To briefly express my feelings: Of course I'm proud of this achievement in the light of the fact that no other positive-trained dog has ever won even one ribbon in a field trial as far as I know. On the other hand, I am disappointed that we still have not taken a placement in a field trial.
Now I would just like to describe the test and how Laddie did running it.
Series A. Land double with flyer as the go-bird. Memory bird was thrown to the back of a small pond. Then a land blind.
Laddie nailed the flyer. For the memory bird, he ran directly to it without a hunt, but he skirted the water, running between water's edge and the gunner. He ran the blind with a good initial line, three whistles, no refusals, and good carries on every cast.
Series B. Water blind, consisting of a sliver of water, a dike crossing, and a channel swim with land on the left and a flooded corn field on the right. In the last twenty yards or so, the dog needed to cut across the corner of the corn field and then run over a short stretch of lunging-depth water to reach the bird on the far shore. Laddie required a fair number of casts, and vocalized on the first two casts after crossing the dike, but aside from that, his performance appeared to me to be unremarkable.
Series C. Water single. The dog needed to enter the water and drive thru a section of flooded corn, then cross the dike on a sharp angle, reenter the water into another section of flooded corn, and finally come out of the water and run a hundred yards to the bird at the tree line. Laddie ran this like almost every other dog, lunging through the first section of water, then cheating around the second section of water by running on the dike before turning the corner and running straight to the bird. Some of the dogs did require a hunt at the back of the field but Laddie did not. The two exceptions were the test dog who did enter the second section of water on the way to the bird -- she was a retired FC/AFC -- and a different dog who entered the second section of water in order to hunt for some time in the corn there, finally making his way to the back of the field and the bird after much hunting short, a pop, and a considerable time later.
For the day, on the negative side, Laddie dropped a bird at the line once and took several seconds before he picked it back up again, and he vocalized on his first two casts in water.
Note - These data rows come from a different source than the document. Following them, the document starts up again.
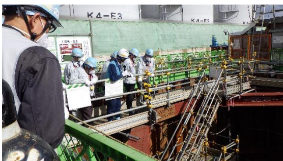
(写真2-3) D排水路立坑の状況確認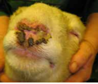
İrinli burun akıntısı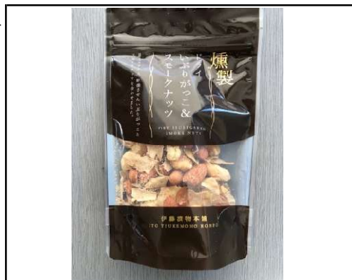
商品名 ドライいぶりがっこ&スモークナッツ 売価 500円(税抜) 内容量 55g JANコード 4969670131703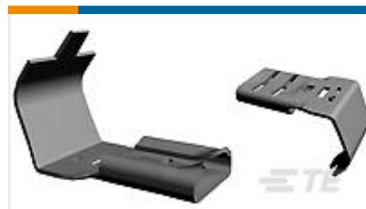
TE 产品编号62091-2 250 FLG FAST RCPT 18-12 PTPBR

He also cheated water on two of his marks, an unsurprising weakness given our lack of water work since last fall, but a key training goal in the days to come.
On the positive side, Laddie had no hunts, no cast refusals, no pops, never dawdled on a pick up or return, aired/marked on a return only once, never came close to breaking, never went out of control at the line or in the field, and with the one exception mentioned above, had good deliveries. Of course he ran with with his usual great enthusiasm and athleticism throughout the trial.
I don't know what it will take for us to raise our game high enough for a placement in a stake someday, but we'll get two more tries next weekend.